Introduction & purpose

In the previous post, the data coming from the accelerometer was analysed in a over-simplistic way: just taking some common statistical measures (e.g. standard deviation) to get an idea of the overall physical activity of the user of the wearable over time. What to do when a more advanced analysis of the data is required?

Such a goal would imply analyzing a time series, and thus the need to understand quite a few far-from-obvious concepts from signal processing. But are these really needed?

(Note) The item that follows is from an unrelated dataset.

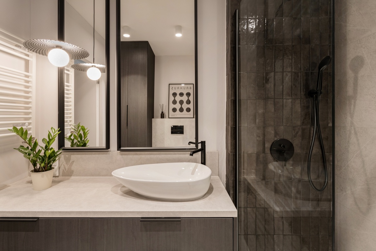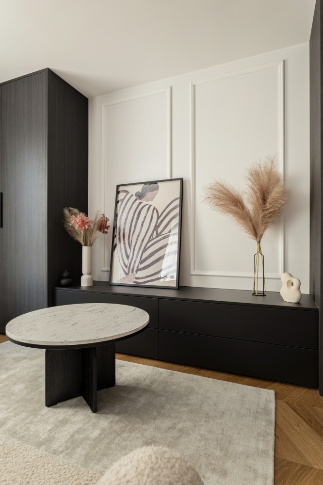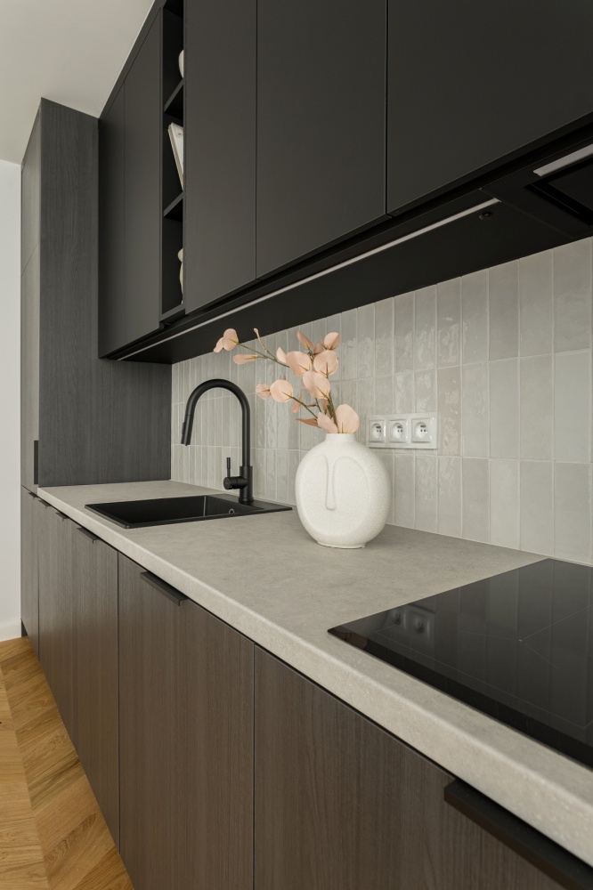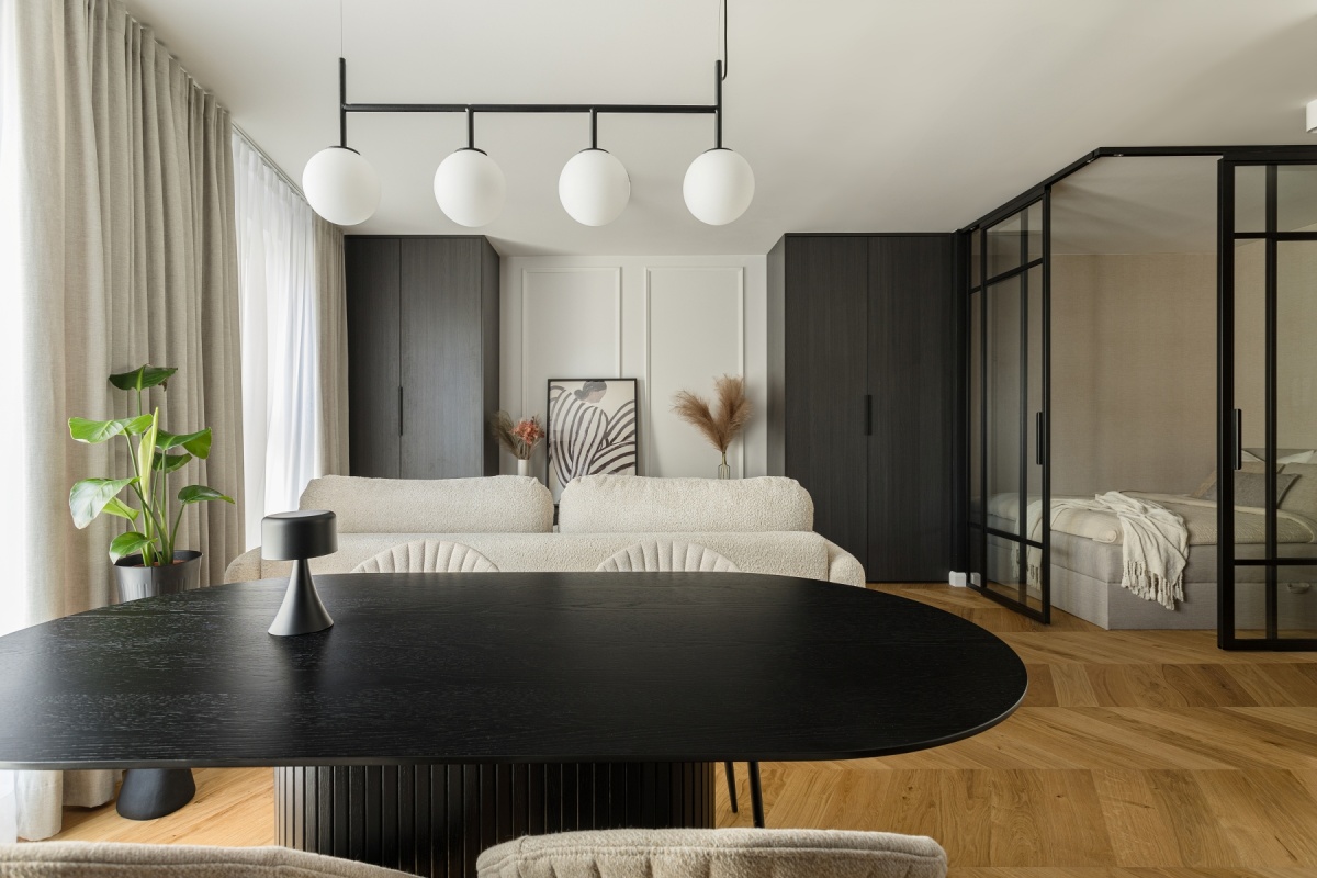 *Ciemna zabudowa na tle jasnych kolorów oraz ciepłej podłogi i mięsistych tkanin ma za zadanie wprowadzenie do pomieszczenia elegancji i szyku i jest alternatywą dla ogólnie dostępnych aranżacji.

Not really, not necessarily. For example in this podcast from O’Reilly, it’s stated that it should be easier to apply a neural network for solving time-series related problems. This post takes the neural network approach for analyzing the accelerometer data, keeping in mind the question on how easy and practical it is, and other problems that pop up (e.g. convergence, processing time…)

The post includes code in R, and also a dataset for the accelerometer data, in case you want to follow it along.

Dataset used

The dataset is the same as the one used in the previous post, you can find it in this R data file. Just download it and then load it into your R session.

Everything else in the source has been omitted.